The end of a marriage is a very difficult time for most couples, and it is not unusual for one party to seek an advantage and try to control the situation. They may do this by claiming that they know how a court will divide the marital property, or how it will agree child custody arrangements – but do they?
No matter what anyone tells you, there is never one ‘single truth that works for everyone’ when it comes to relationship breakdown and divorce, because we all live slightly different lives.
Internet research, talking with friends, or ‘free half-hours’ will give you ‘generic’, and sometimes conflicting, guidance: they will not tell you what is and isn’t relevant in your own, very personal situation.
A discovery meeting with one of our family law solicitors will give you the information you need to move forward. Whatever questions you have - about your rights, legal processes, or likely outcomes – you will get informed answers that relate to your particular aims and circumstances. After the meeting, you will receive a written summary of the most important points discussed, so you have the facts, not the fairy-tales, on which to base any decisions you may make.

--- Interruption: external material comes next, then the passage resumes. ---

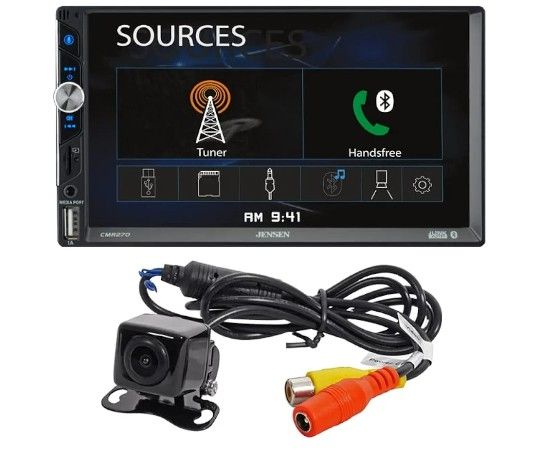 JENSEN CMR270 7-inch LED Digital Media Touch Screen Double DIN Car Stereo & JENSEN BUCAM100J Backup Camera

If you're not quite ready to talk to us, explore our 'honest answers' articles. We’ve broken the topics into two groups:
Honest answers - financial settlements for separating and divorcing couples
Honest answers - child arrangements for separating and divorcing couples
You will still need personal legal advice, but the common assumptions and misunderstandings covered will help you start your journey.
It’s good to bear in mind...
- Whilst they might try, no one person in the marriage can force the other to accept something they don’t want to as part of the divorce settlement. It is important to try to reach an agreement and, if one party is seeking to control the other, good legal advice and representation is particularly helpful. Where an agreement cannon be reached, it is the courts who will decide what is a fair outcome.
- You don’t need a ‘Rottweiler’ of a solicitor - the Family Court is primarily concerned with fairness. An intimidating approach can send the wrong signals and may backfire spectacularly. The most important thing is to find a solicitor with whom you feel a connection; one who gives you sensible advice and progresses your case forward, rather than going around in circles.